* GIVEN ENTRIES *
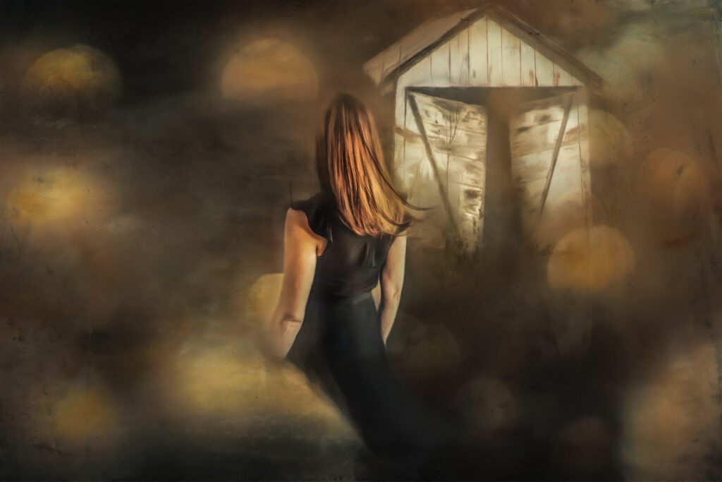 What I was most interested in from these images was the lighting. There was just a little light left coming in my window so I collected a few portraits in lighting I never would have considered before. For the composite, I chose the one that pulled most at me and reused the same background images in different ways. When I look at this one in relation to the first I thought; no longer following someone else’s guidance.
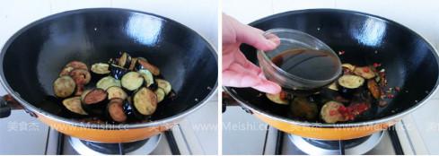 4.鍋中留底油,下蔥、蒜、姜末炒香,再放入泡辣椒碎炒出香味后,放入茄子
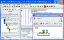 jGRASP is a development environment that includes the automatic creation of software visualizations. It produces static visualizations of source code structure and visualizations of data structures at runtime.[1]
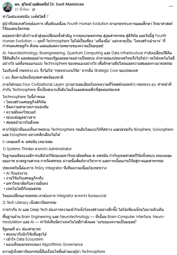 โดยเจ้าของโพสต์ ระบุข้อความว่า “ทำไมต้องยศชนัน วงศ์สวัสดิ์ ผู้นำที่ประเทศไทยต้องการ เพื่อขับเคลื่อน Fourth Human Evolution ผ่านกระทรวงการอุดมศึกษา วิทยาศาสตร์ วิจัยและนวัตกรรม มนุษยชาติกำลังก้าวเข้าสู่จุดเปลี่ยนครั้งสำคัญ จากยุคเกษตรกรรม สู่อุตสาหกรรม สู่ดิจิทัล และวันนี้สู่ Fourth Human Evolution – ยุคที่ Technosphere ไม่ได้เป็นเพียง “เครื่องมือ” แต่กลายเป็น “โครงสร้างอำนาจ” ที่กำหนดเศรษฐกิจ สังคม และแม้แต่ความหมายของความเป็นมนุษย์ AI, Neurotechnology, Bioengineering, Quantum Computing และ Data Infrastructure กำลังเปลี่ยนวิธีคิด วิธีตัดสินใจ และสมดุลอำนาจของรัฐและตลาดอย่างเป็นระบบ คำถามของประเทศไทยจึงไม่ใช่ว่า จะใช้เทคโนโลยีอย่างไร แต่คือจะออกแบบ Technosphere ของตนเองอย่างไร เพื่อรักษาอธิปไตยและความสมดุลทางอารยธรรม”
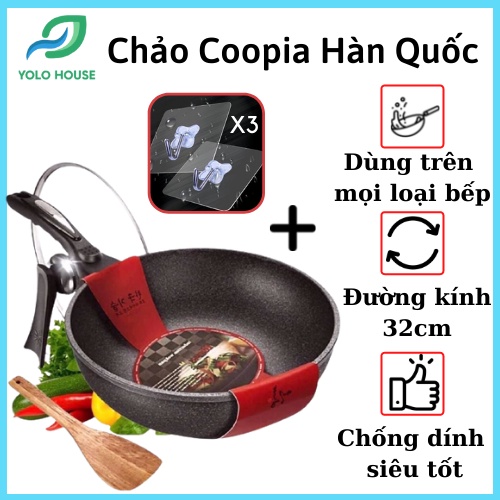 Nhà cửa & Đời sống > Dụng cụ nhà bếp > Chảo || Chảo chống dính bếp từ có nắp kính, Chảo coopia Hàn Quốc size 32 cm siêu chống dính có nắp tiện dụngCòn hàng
...
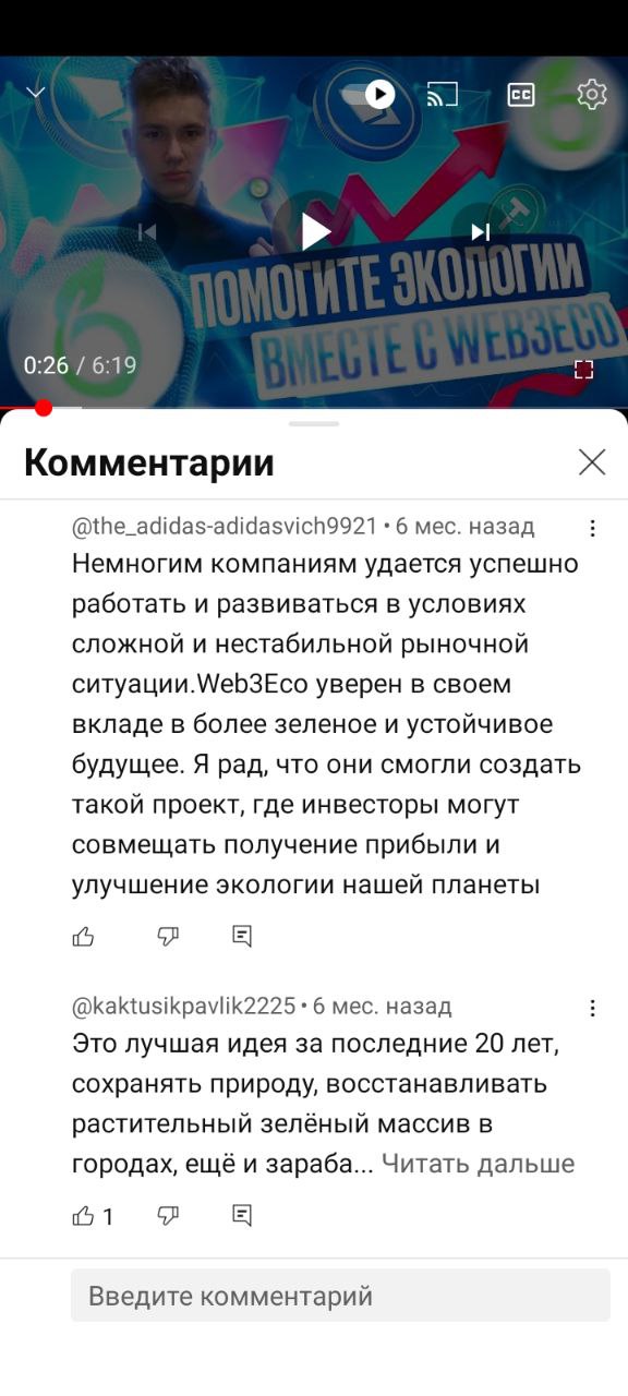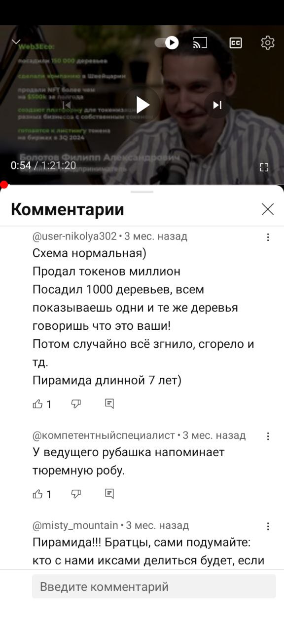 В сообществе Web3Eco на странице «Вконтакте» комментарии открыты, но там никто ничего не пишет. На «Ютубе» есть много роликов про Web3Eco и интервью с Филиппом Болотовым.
* * *
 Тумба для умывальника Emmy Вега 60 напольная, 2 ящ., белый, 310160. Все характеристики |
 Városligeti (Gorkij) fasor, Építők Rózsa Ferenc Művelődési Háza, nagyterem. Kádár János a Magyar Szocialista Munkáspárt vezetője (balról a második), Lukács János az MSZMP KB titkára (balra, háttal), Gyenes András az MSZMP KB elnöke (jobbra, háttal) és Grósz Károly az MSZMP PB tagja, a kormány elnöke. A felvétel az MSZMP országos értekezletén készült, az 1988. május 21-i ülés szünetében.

* TASK TO CARRY OUT *
The answer is the lines above from the one with "What I was most" to the one with "jGRASP is a", set down exactly, with no pictures.

* SOLUTION *
 What I was most interested in from these images was the lighting. There was just a little light left coming in my window so I collected a few portraits in lighting I never would have considered before. For the composite, I chose the one that pulled most at me and reused the same background images in different ways. When I look at this one in relation to the first I thought; no longer following someone else’s guidance.
 4.鍋中留底油,下蔥、蒜、姜末炒香,再放入泡辣椒碎炒出香味后,放入茄子
 jGRASP is a development environment that includes the automatic creation of software visualizations. It produces static visualizations of source code structure and visualizations of data structures at runtime.[1]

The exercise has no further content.